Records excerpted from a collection

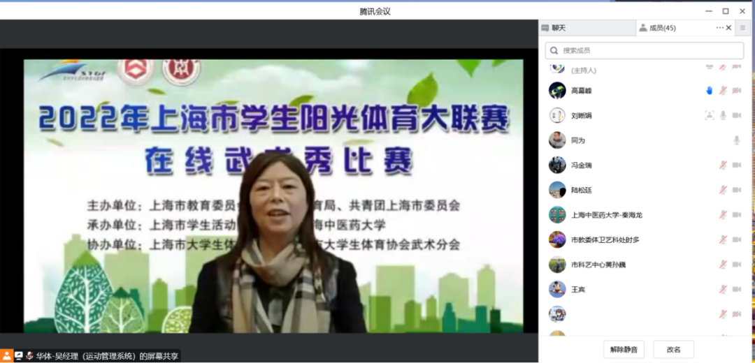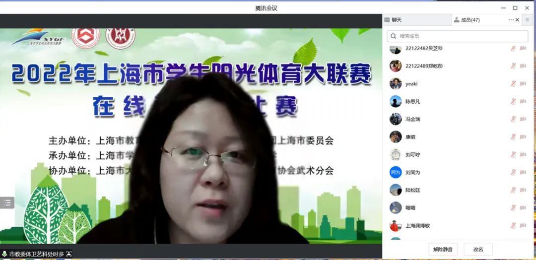 12月25日,2022年上海市学生阳光体育大联赛在线武术秀比赛举行。本次活动由上海市教育委员会、上海市体育局、共青团上海市委员会主办,上海市学生活动管理中心、beat365官方网站承办。beat365党委副书记、副校长朱惠蓉,上海市教委体卫艺科处副处长时多,上海市学生活动管理中心体育活动部主任黄孙巍、项目主管潘幼群,以及beat365体育部教授吴志坤、党支部书记龚博敏、主任陆松廷等在线出席开幕式。
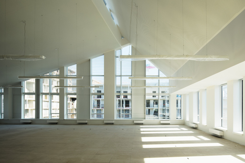 These office spaces rise up to the 7th level of the building. On the ground floor level, the glazed double-height lobby seems to be moving towards the sidewalk. The various businesses present on the site connect the building to the street and its passersby, its movement and its energy. On the first floor, a company cafeteria extended by vegetalized balconies will serve up to 1.050 meals per day. On the 7th floor, the pleated roofs create meeting spaces extented by 300m² of terraces offering a panoramic view on the city from the south side, and on the park from the north side.
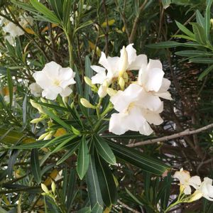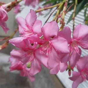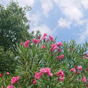キョウチクトウも強い日差しの元、かがやいてました。 みどりのはっぱと映えますね😉
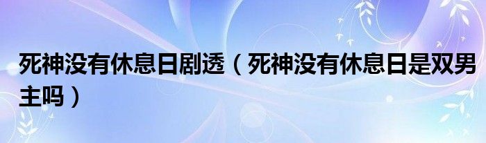 摘要大家好,小育来为大家讲解下。死神没有休息日剧透,死神没有休息日是双男主吗很多人还不知道,现在让我们一起来看看吧!1、死亡是没有休息
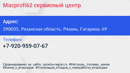 Macprofi62, сервисный центр по адресу 390035, Рязанская область, Рязань, Гагарина, 69 в дальнейшем Организация, размещена в следующих категориях:
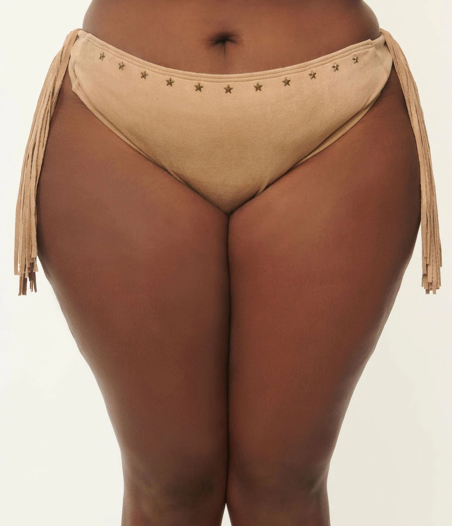 Perfect for the poolside, darling! A sexy plus size swim bottom from Unique Vintage, this sensational western inspired piece features a tan faux sided material, accented with metallic studded stars. The low cut legs feature adjustable self tie and fringed sides and are fully mesh lined for all day comfort!
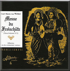 I should start by explaining that there is some confusion in my mind as to what is on this disc. The cover states that it contains the “Messe du Freischütz” and that this is Weber’s Missa Solemnis No 2 in E flat major. Grove however lists Weber’s Freischütz Mass as being No. 1, giving it the Opus and J numbers shown above. I assume that this is the work we have here although I have been unable to obtain a score (Faber publish a scholarly edition) and the notes with the disc are meagre in the extreme. Listening to it with a more innocent ear than I would have preferred I quickly concluded that whatever its real title this is a magnificent work deserving more frequent performance and recordings.
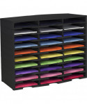 Bring order to your home or office clutter. The polystyrene construction allows for a durable yet lightweight organizer that can hold a combined weight of 150 lbs. Built-in label holders ensure a professional appearance and functional use. If 30 compartments aren't enough, the Literature Organizer can be stacked up to 6 units high (72 compartments). Measures 25.5"H x 31.375"W x 14.125"D.
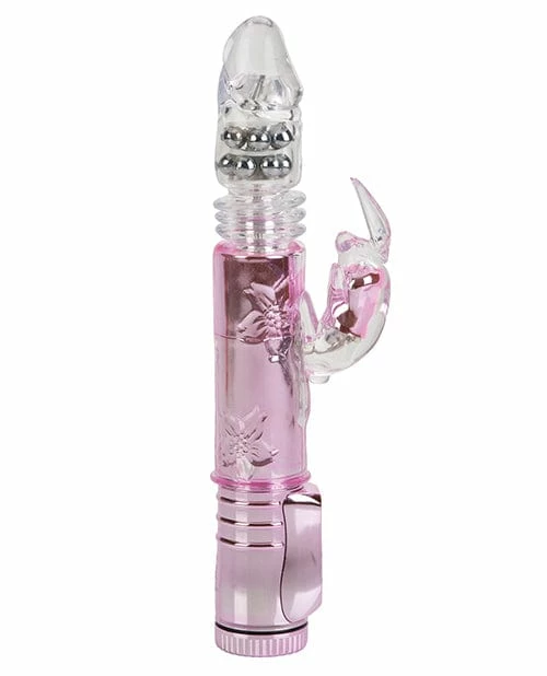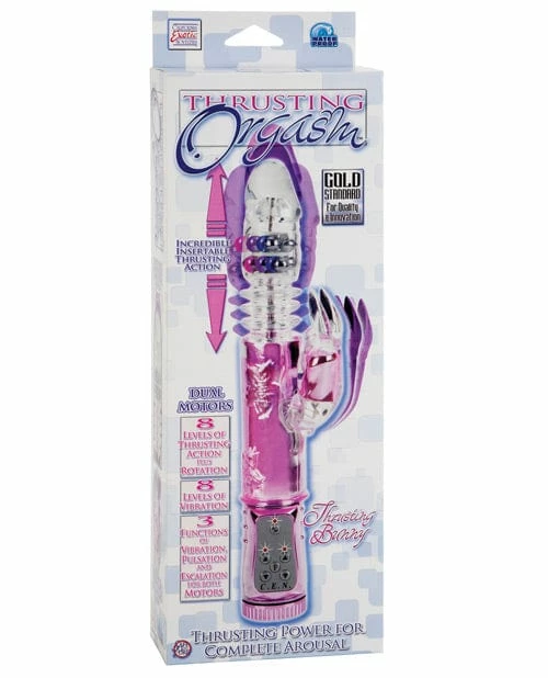 From Cal Exotics comes the Thrusting Orgasm Thrusting Bunny Vibe. The vibe has powerful thrusting action with a vibrating and pulsating bunny. The Thrusting Bunny features dual motors with 8 independent speeds of vibration and 8 independent speeds of thrusting action along with 3 incredible functions of vibration, pulsation, and escalation for both motors. This vibe also features easy push button controls and an auto on/off button. Made of TPR (vibrator) ABS with metallic plating (controller, beads). Requires 3 AA batteries. 5.25″ x 1.5″ (shaft). 2.5″ x 1″ (bunny).
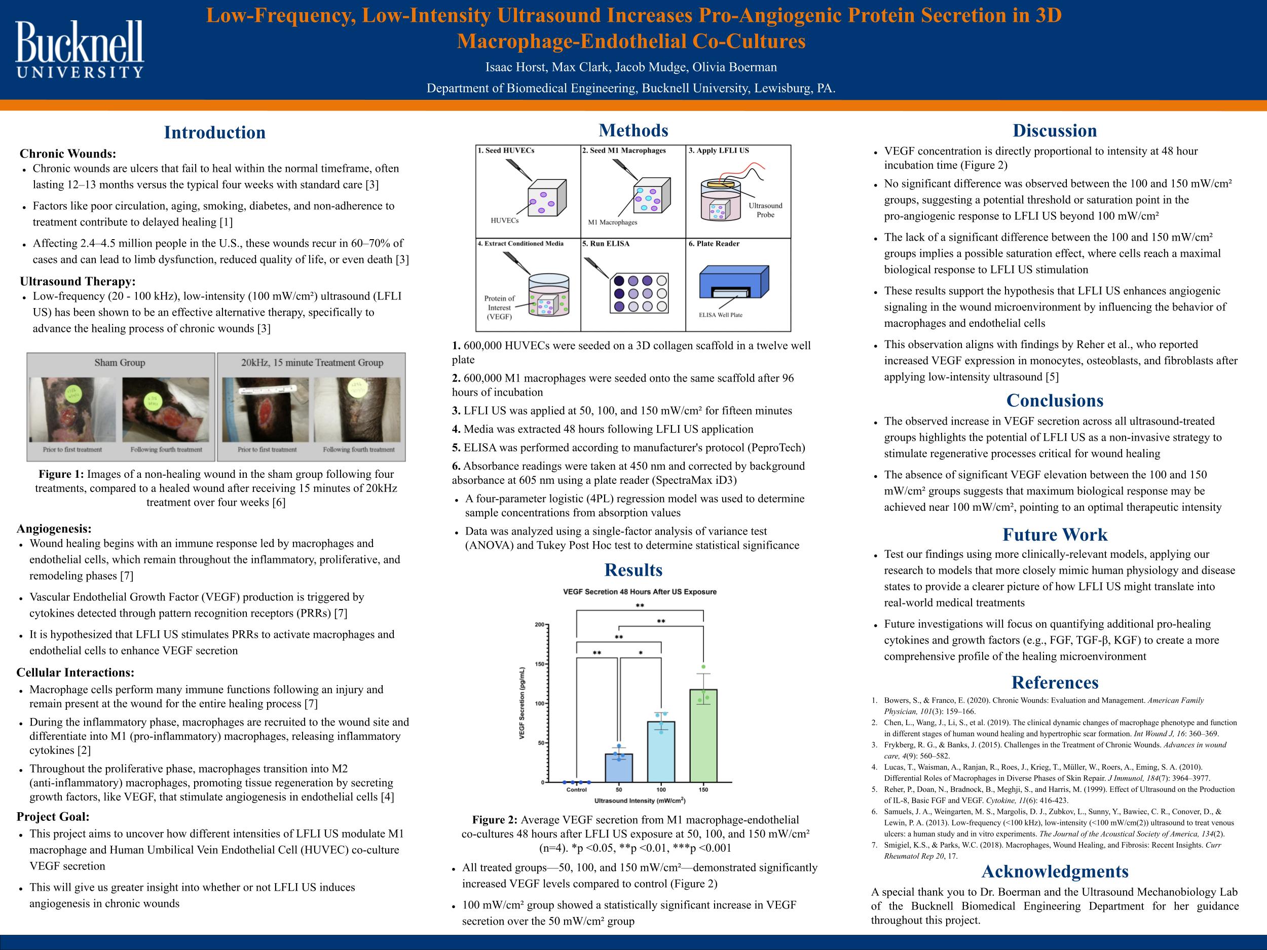 Ultimately, these findings demonstrate that LFLI US can effectively shift the wound environment toward a pro-healing phenotype by modulating the behavior of key immune and vascular cells. This study provides a foundational framework for using ultrasound as a non-invasive tool to accelerate tissue regeneration. Future research will likely expand on these results by exploring macrophage polarization and testing more complex, clinically relevant models to further validate LFLI US as a viable treatment for chronic ulcers.
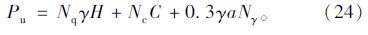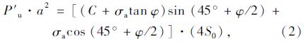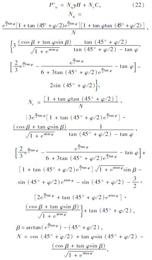2 公式推导参照文献[19],本文采用两步假设来计算:第一步,假设基底下地基土的自重为0,推导出地基极限承载力P′u;第二步,假设地基无黏聚力、无超载,可推导出另一个极限承载力P″u,通过叠加,得到地基极限承载力Pu=P′u+P″u。
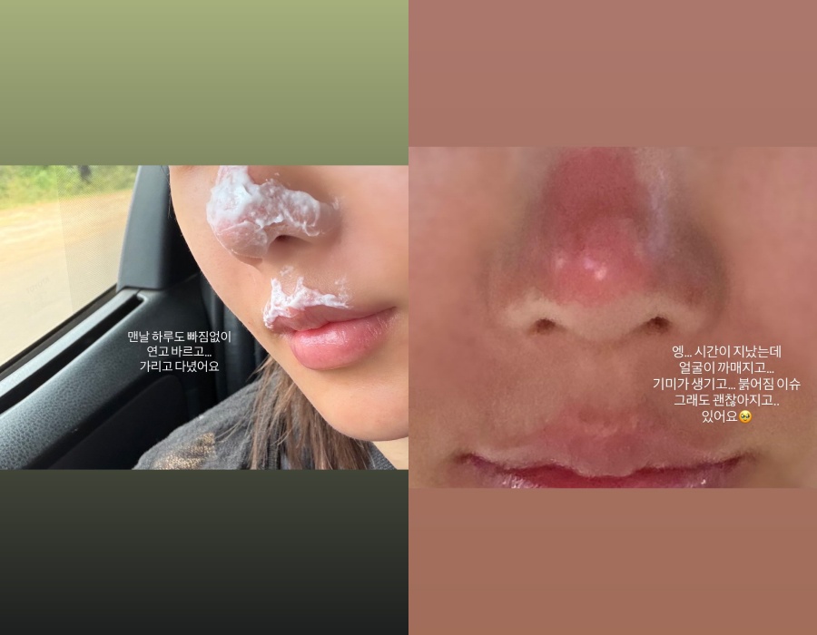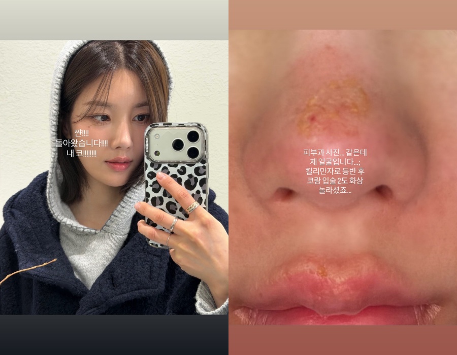 クォン・ウンビは3日、ソーシャルメディアに「皮膚科の写真…みたいだけど、わたしの顔です。キリマンジャロに登った後、鼻と唇に2度のやけど。驚きましたよね」という書き込みと共に写真を載せた。
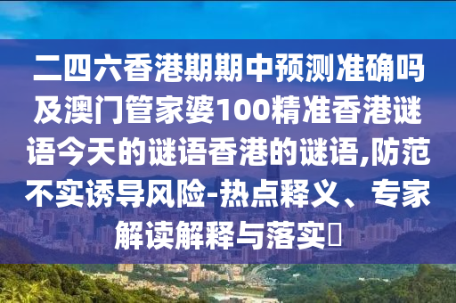 二四六香港期期中預(yù)測(cè)準(zhǔn)確嗎及澳門管家婆100精準(zhǔn)香港謎語(yǔ)今天的謎語(yǔ)香港的謎語(yǔ)熱點(diǎn)釋義、專家解讀解釋與落實(shí)防范不實(shí)誘導(dǎo)風(fēng)險(xiǎn)”的全面解析

> **Required action**: The output is the stretch above from the line with "Perfect for the" through the line with "From Cal Exotics", copied word for word with both ends kept and every picture dropped.

> **Task answer**:
 Perfect for the poolside, darling! A sexy plus size swim bottom from Unique Vintage, this sensational western inspired piece features a tan faux sided material, accented with metallic studded stars. The low cut legs feature adjustable self tie and fringed sides and are fully mesh lined for all day comfort!
 I should start by explaining that there is some confusion in my mind as to what is on this disc. The cover states that it contains the “Messe du Freischütz” and that this is Weber’s Missa Solemnis No 2 in E flat major. Grove however lists Weber’s Freischütz Mass as being No. 1, giving it the Opus and J numbers shown above. I assume that this is the work we have here although I have been unable to obtain a score (Faber publish a scholarly edition) and the notes with the disc are meagre in the extreme. Listening to it with a more innocent ear than I would have preferred I quickly concluded that whatever its real title this is a magnificent work deserving more frequent performance and recordings.
 Bring order to your home or office clutter. The polystyrene construction allows for a durable yet lightweight organizer that can hold a combined weight of 150 lbs. Built-in label holders ensure a professional appearance and functional use. If 30 compartments aren't enough, the Literature Organizer can be stacked up to 6 units high (72 compartments). Measures 25.5"H x 31.375"W x 14.125"D.
 From Cal Exotics comes the Thrusting Orgasm Thrusting Bunny Vibe. The vibe has powerful thrusting action with a vibrating and pulsating bunny. The Thrusting Bunny features dual motors with 8 independent speeds of vibration and 8 independent speeds of thrusting action along with 3 incredible functions of vibration, pulsation, and escalation for both motors. This vibe also features easy push button controls and an auto on/off button. Made of TPR (vibrator) ABS with metallic plating (controller, beads). Requires 3 AA batteries. 5.25″ x 1.5″ (shaft). 2.5″ x 1″ (bunny).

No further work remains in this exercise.